About this task —
Of the records that follow, copy only the lines from the line containing "Pemberian piagam penghargaan" to the line containing "曲阜师大新闻中心讯 9月27", both included, exactly as written.

Data records —

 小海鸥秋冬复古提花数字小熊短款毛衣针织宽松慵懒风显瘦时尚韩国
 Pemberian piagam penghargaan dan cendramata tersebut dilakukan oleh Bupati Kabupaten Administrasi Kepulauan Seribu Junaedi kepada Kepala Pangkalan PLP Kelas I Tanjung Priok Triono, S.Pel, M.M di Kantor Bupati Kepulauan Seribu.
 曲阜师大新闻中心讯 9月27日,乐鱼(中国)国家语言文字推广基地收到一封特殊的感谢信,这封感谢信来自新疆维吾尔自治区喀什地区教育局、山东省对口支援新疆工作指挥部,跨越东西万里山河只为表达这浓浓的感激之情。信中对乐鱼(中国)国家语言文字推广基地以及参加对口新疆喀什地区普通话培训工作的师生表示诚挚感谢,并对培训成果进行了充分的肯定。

==

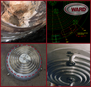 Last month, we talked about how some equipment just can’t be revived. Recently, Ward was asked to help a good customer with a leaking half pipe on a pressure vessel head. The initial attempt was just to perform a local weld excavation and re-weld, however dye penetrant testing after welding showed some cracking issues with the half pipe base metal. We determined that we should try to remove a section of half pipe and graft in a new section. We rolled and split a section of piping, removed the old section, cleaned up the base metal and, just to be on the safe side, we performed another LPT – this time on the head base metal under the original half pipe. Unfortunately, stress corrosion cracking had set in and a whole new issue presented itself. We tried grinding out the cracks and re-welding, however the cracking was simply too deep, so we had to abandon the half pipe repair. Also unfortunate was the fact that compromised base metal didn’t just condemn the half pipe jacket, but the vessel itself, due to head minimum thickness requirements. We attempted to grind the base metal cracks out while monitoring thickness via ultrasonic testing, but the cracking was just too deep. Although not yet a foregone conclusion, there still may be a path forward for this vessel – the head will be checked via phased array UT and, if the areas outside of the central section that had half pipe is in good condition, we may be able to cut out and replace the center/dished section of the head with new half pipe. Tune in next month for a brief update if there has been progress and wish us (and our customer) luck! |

Written answer —
 Pemberian piagam penghargaan dan cendramata tersebut dilakukan oleh Bupati Kabupaten Administrasi Kepulauan Seribu Junaedi kepada Kepala Pangkalan PLP Kelas I Tanjung Priok Triono, S.Pel, M.M di Kantor Bupati Kepulauan Seribu.
 曲阜师大新闻中心讯 9月27日,乐鱼(中国)国家语言文字推广基地收到一封特殊的感谢信,这封感谢信来自新疆维吾尔自治区喀什地区教育局、山东省对口支援新疆工作指挥部,跨越东西万里山河只为表达这浓浓的感激之情。信中对乐鱼(中国)国家语言文字推广基地以及参加对口新疆喀什地区普通话培训工作的师生表示诚挚感谢,并对培训成果进行了充分的肯定。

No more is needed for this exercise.